Three stories moved the space this week.

Apple sued OpenAI, claiming the latter lifted iPhone hardware secrets through more than 400 former Apple employees.

Chinese open-source models climbed from about 5% of U.S. enterprise AI tokens in early 2025 to a weekly peak of 46%.

And an AI agent ran a full ransomware attack on its own, with no human operator at any step.

Here's a closer look at what happened and what each story means for the brands and agencies relying on these tools.

Apple Sues OpenAI Over Trade Secrets

Apple filed suit against OpenAI in federal court on July 10, alleging a coordinated scheme to lift iPhone hardware trade secrets through former employees.

More than 400 former Apple employees now work at OpenAI, and Apple says the practice runs "at every level" of its hardware operation.

The court filing names Tang Tan, OpenAI's chief hardware officer and a longtime Apple veteran, as a central figure.

He allegedly used internal Apple code names in interviews to pull more confidential information from candidates.

Bloomberg reported that the suit gives anyone weighing an OpenAI offer real litigation risk to consider.

OpenAI said in a statement that it has "no interest in other companies' trade secrets."

It is also still reportedly on track to ship its first hardware device in 2027.

With OpenAI weighing an IPO this year, a trade-secrets lawsuit is exactly the risk factor investors will read closely.

Chinese AI Models Are Winning on Price

Every SaaS budget eventually hits the same fork, and AI just reached this point.

The choice is to either stick with the market leader or switch to something cheaper that does nearly the same job, and the second option is winning.

Chinese models now run up to 46% of the tokens on OpenRouter, which lets developers reach many AI providers in one place.

This figure is up from an 11% average the year before, more than a fourfold jump.

AI startup Lindy also moved all its traffic from Claude to DeepSeek in June.

Founder Flo Crivello said the switch cut costs sharply while improving performance on core tasks.

Open-source Chinese models can be "60% to 90% cheaper" than leading U.S. labs, an analyst told CNBC.

In raw capability, they run about six to nine months behind the best U.S. models.

This gap rarely matters for everyday work, so brands and agencies can shift routine tasks to the cheaper model and save.

AI Ransomware Just Ran Itself

An AI agent ran a complete ransomware operation on its own, according to Sysdig's research.

The agent, dubbed JADEPUFFER, handled reconnaissance, credential theft, lateral movement, and encryption.

It exploited a known Langflow vulnerability, then pivoted to a production database server.

Sysdig says the AI agent adapted in real time, once fixing a failed login in 31 seconds.

None of the techniques were new; what's new is an AI chaining them into a full attack with no operator.

This incident lowers the bar, since any exposed AI-adjacent server is now a target, no matter the attacker's skill.

The real danger for businesses is their own infrastructure: a forgotten staging server, or an exposed AI tool that an agent can walk right through.

And that's why cybersecurity audits now belong in every AI vendor review.

Three Rules for Choosing an AI Vendor

A great AI model can't save a shaky company, so you should vet an AI vendor for the risks that benchmarks never show:

  • Evaluate AI vendors beyond model performance.
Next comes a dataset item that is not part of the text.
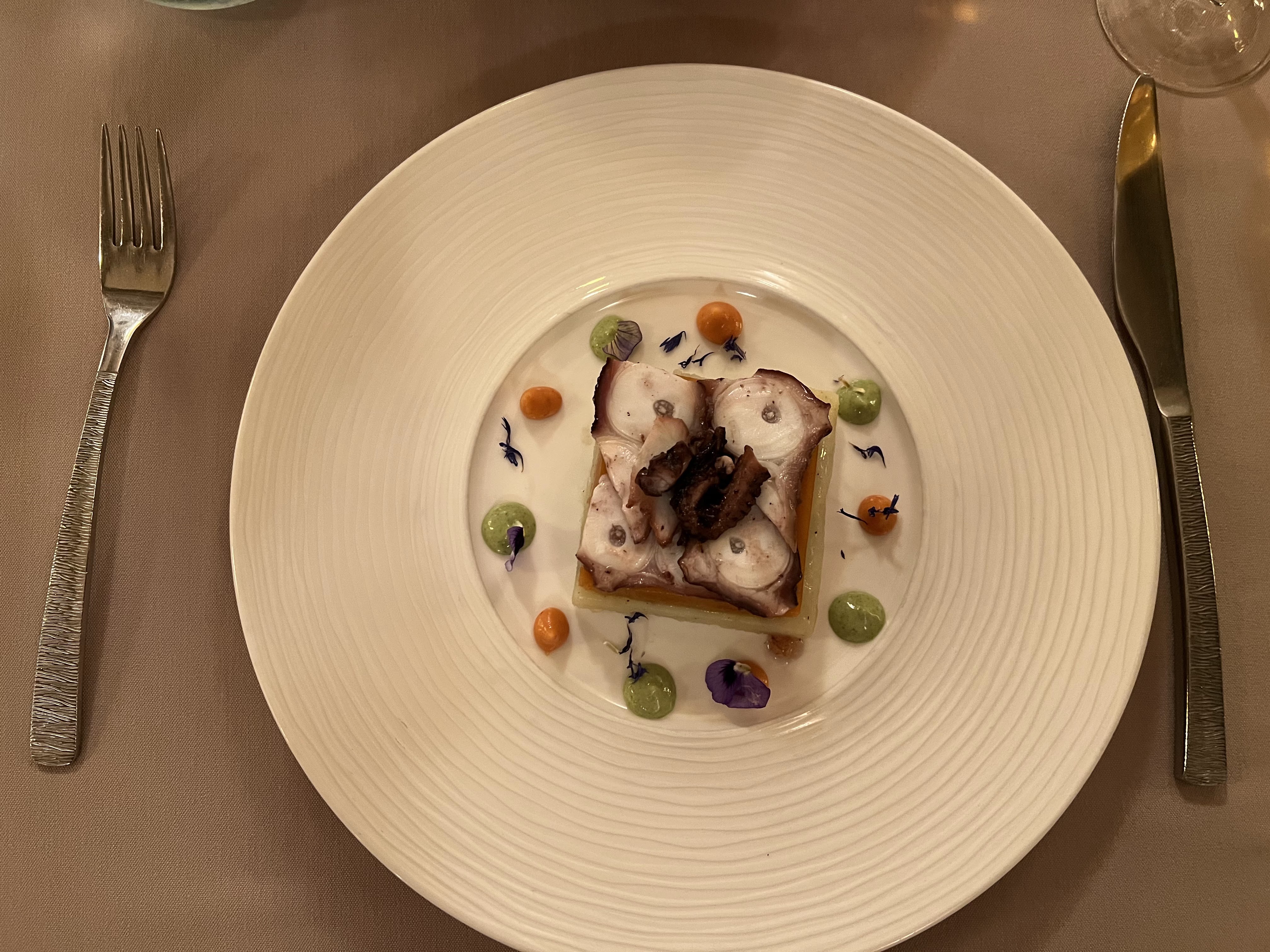 Ambiance raffinée, service impeccable. Il n'y a pas de service à la carte, mais seulement 2 options de menu. Le plus cher (calendrier) comporte 5 pièces et le moins cher (signature) comporte 3 pièces (entrée, plat et dessert ou fromage). Au menu signature, vous trouverez 2 entrées, 2 plats principaux et 2 desserts, et vous pouvez opter pour du fromage au lieu du dessert. Le choix du menu le plus cher doit être fait pour l’ensemble de la table. Nous avons mangé le menu signature et la nourriture ne m'a certainement pas plu, mais je pense que c'est essentiellement dû au fait que je ne suis pas habitué aux plats raffinés, à la cuisine française de haut niveau. Ils servent du pain, très bon d'ailleurs. Ils servent également une entrée en appétit avec des olives noires, de très bons toasts et autre chose de très bon aussi.

Look at legal exposure, financial stability, ownership structure, and long-term viability, not just benchmark scores.
  • Build flexibility into your AI stack. Avoid single-vendor dependency by keeping alternatives ready for price changes, outages, or disruptions.
  • Audit AI infrastructure like a security risk. Review exposed APIs, third-party tools, automated workflows, and forgotten environments before AI attacks exploit them.

Choosing a capable model is the easy part now. The real AI strategy is managing the cost, stability, and security around it.

Our Take: Is Paying for a Frontier Model Still Worth It?

The cheap models that everyone is switching to are priced so because someone else paid to invent the capability first.

We'd argue that a frontier model is still worth it, but only for the tasks that the cheaper ones can't handle yet.

The catch is collective, since every buyer fleeing to a cheaper provider starves the labs funding the next leap.

So pay the premium only where the newest capability changes your output.

The rest of the time, you're just buying a head start on features that soon go mainstream.

For analysis on OpenAI's equity offer to Washington and Meta's compute pivot, check out last week's roundup.

Does your AI vendor's balance sheet worry you more than its benchmark scores?

These specialized AI vendors help brands move from generic tools to models trained on their own data.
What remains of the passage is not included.